A particularly interesting contribution to the St. Louis conference came from Lars Rutqvist, senior vice president for scientific affairs at Swedish Match, who also managed to quit smoking with snus. Prior to joining Swedish Match, Rutqvist led the oncology department of the Karolinska Institutet in Stockholm. Among other projects, he researched the risk factors for head, neck and mouth cancers.

Rutqvist’s studies quickly confirmed the roles of smoking and drinking but not the link with snus use. Because his findings went entirely against conventional wisdom in the 1990s, the department was reluctant to accept them. “In medical school we were taught that snus is a major risk factor for cancer,” said Rutqvist. But even after rechecking the basic data, he got the same results: Snus was not a contributor to any of the researched diseases. As it turned out, many of the prior studies supposedly linking snus to cancer related to powdered snuff instead.

When Sweden joined the EU, it received an exemption on cultural grounds from the bloc’s snus ban but was required to start printing cancer warnings on cans. Confronted with the new science, the EU in 2001 allowed Sweden to replace the warning with a more generic one. Rutqvist is hopeful that the EU will soon take the next step: lifting the snus ban. While the European Court of Justice rejected an earlier legal challenge, many things have changed since 2004, according to Rutqvist. Not only is the science more conclusive today; the European Commission has, under pressure from consumers, also been forced to accept e-cigarettes in its new Tobacco Products Directive. What’s more, leaving the snus ban in place would be discriminatory now that a regulatory route for novel products has been introduced.
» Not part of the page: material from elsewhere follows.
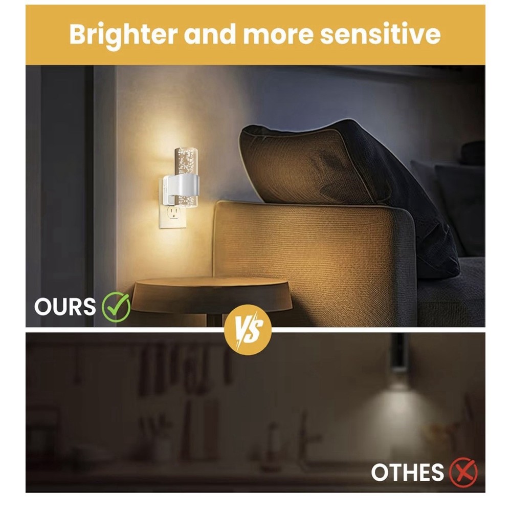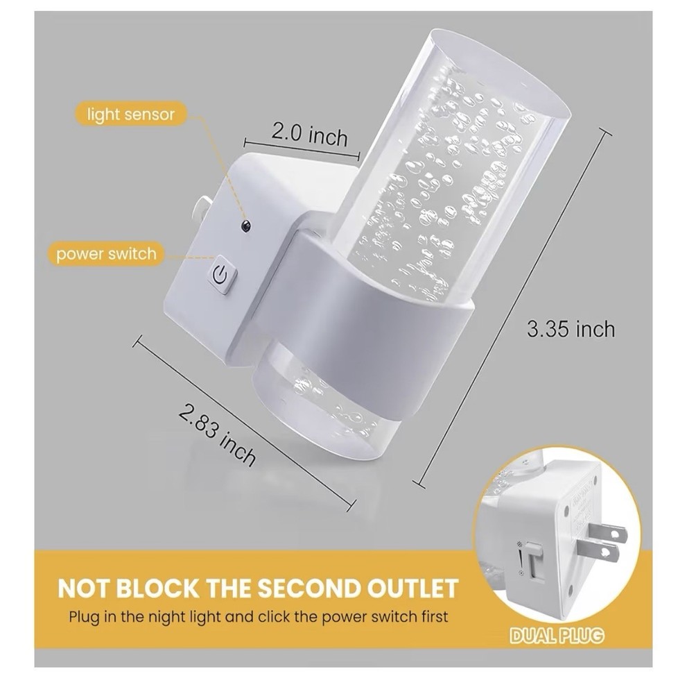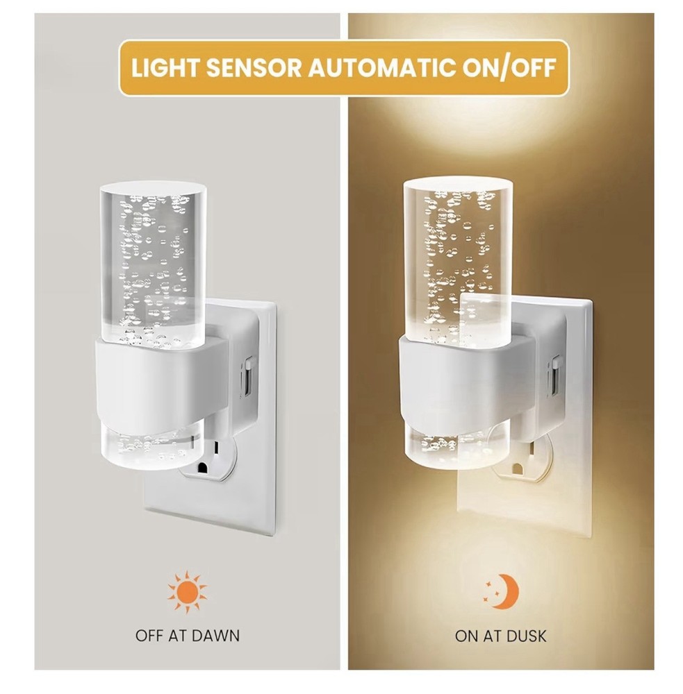JIURUN 2 Pack Night Lights Plug into Wall, Dimmable LED Night Light with Dusk to Dawn Sensor, Plug in Night Light Brightness Adjustable, 3000K Acrylic Nightlight for Bathroom Hallway

Rutqvist was also optimistic about Swedish Match’s modified-risk tobacco products (MRTP) application in the U.S.—to the extent that he felt comfortable to bet a bottle of whiskey on its approval in 2018. In its MRTP application, Swedish Match asked the U.S. Food and Drug Administration (FDA) for permission to modify snus health warnings to more accurately reflect the current science. Even though the agency denied Swedish Match’s initial petition, it left the door open by allowing the company to submit an amended application.

Rutqvist noted that the level of scientific expertise at the FDA’s Center for Tobacco Products is much higher than that among its EU counterpart, which he said is staffed primarily by career administrators.
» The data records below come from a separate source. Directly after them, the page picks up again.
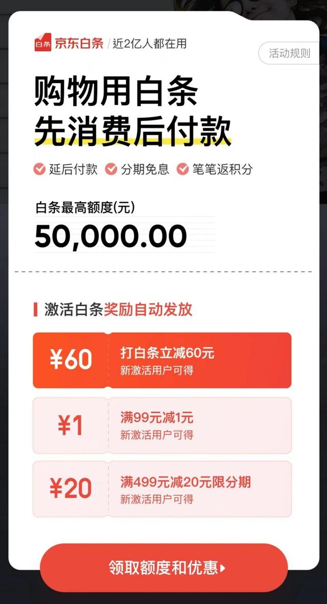 产品升级消息传出后,行业最先关注的是产品的属性发生变化。据介绍,用户将“白条”升级为“白条卡”后,“白条”将从信用付产品变更为信用卡产品。白条卡激活成功后,其后续白条交易将使用白条卡进行支付并结算。白条卡额度会替换白条额度,交易计入白条卡账单。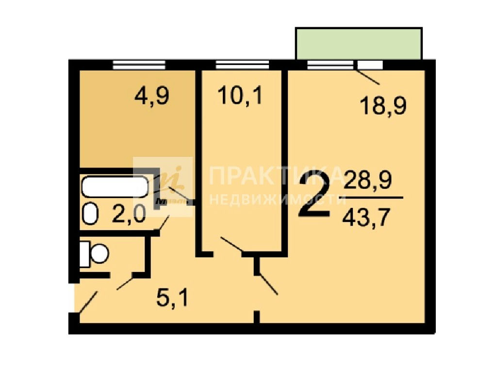 Общая: 43,7 м2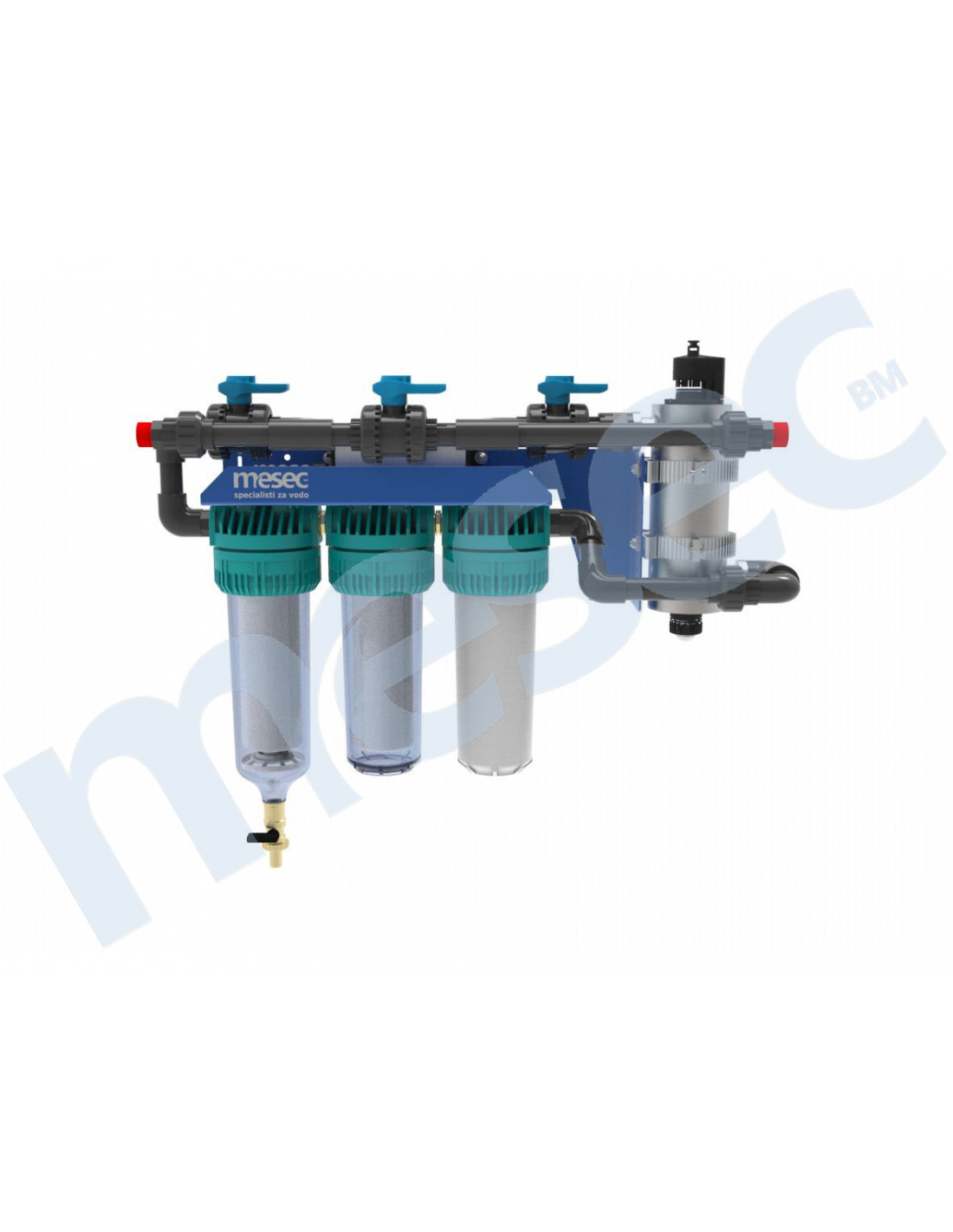 Više–stupanjski filterski sustav MESEC Triplex ZK10-i Pro garantira odlično čišćenje vode. U kombiniranom filteru je usporedno postavljenih strukovno izabranih filterskih uložaka, koji temeljito očiste mehaničke čestice (stupanj filtriranje je 5 mcr), mulj, klor, loš mjris ili okus vode.

During Snus Con, speakers repeatedly stressed the importance of consumers, who are able to interact with authorities in ways that snus manufacturers cannot. Inspired by the World Health Organization’s Framework Convention on Tobacco Control, many lawmakers keep tobacco companies at arm’s length, preventing meaningful discussions and often resulting in ill-informed legislation.

Alex Clark, executive director of the Consumer Advocates for Smoke-free Alternatives Association (CASAA), which is best known for its work on behalf of vapers, stressed his organization’s support of snus users in the U.S. “People know us as ‘the vaping people,’” he said, “but CASAA talks about all alternatives to smoking.”

Rutqvist, too, spoke approvingly of consumer involvement. “I once naively thought that science could solve all problems—but politics trump science,” he said. Fortunately, Rutqvist added, politicians in many countries are beholden to consumers, who are also potential voters. The EU exception for snus in Sweden and the European Commission’s capitulation on e-cigarettes can both be attributed to consumer pressures, according to Rutqvist. “So, consumers trump politics,” he said. “That’s why conferences such as Snus Con are so important.”